ENTRIES PROVIDED ▸
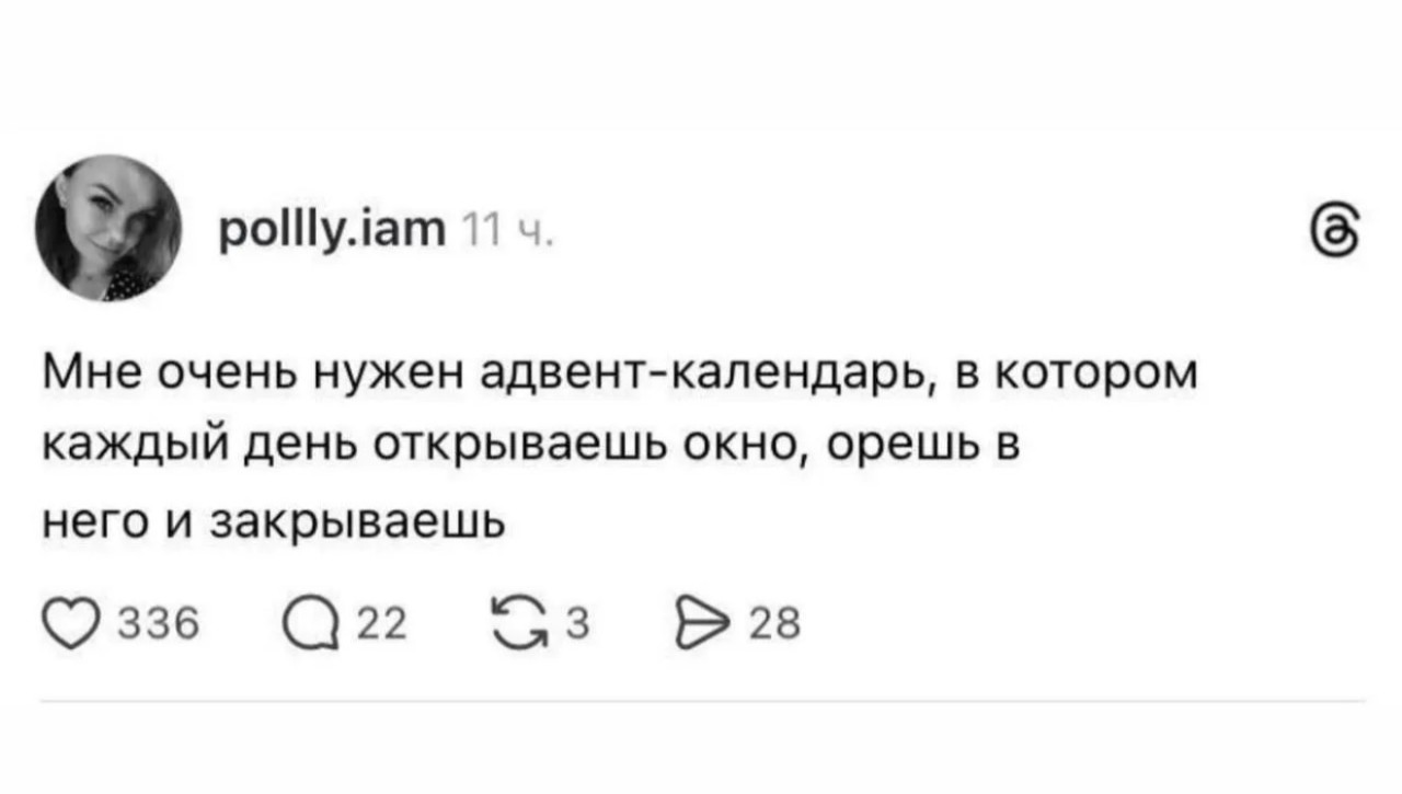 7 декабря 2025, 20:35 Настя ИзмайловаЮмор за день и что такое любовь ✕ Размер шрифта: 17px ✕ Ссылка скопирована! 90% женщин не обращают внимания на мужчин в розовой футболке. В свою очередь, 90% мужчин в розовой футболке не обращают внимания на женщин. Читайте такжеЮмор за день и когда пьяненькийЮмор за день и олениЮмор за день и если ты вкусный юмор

--

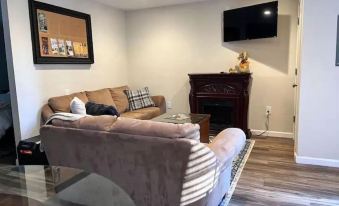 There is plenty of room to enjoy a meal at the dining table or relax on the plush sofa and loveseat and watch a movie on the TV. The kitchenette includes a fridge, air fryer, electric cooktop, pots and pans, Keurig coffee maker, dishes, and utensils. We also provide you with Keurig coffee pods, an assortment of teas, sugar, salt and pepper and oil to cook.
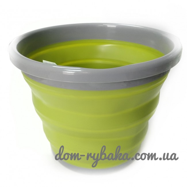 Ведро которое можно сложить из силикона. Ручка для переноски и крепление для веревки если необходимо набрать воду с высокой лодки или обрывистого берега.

WHAT YOU ARE ASKED TO DO ▸ Nothing but the lines above from the line with "There is plenty" up to and including the line with "Ведро которое можно" should be returned, exactly as written and without pictures.

EXERCISE SOLUTION ▸
 There is plenty of room to enjoy a meal at the dining table or relax on the plush sofa and loveseat and watch a movie on the TV. The kitchenette includes a fridge, air fryer, electric cooktop, pots and pans, Keurig coffee maker, dishes, and utensils. We also provide you with Keurig coffee pods, an assortment of teas, sugar, salt and pepper and oil to cook.
 Ведро которое можно сложить из силикона. Ручка для переноски и крепление для веревки если необходимо набрать воду с высокой лодки или обрывистого берега.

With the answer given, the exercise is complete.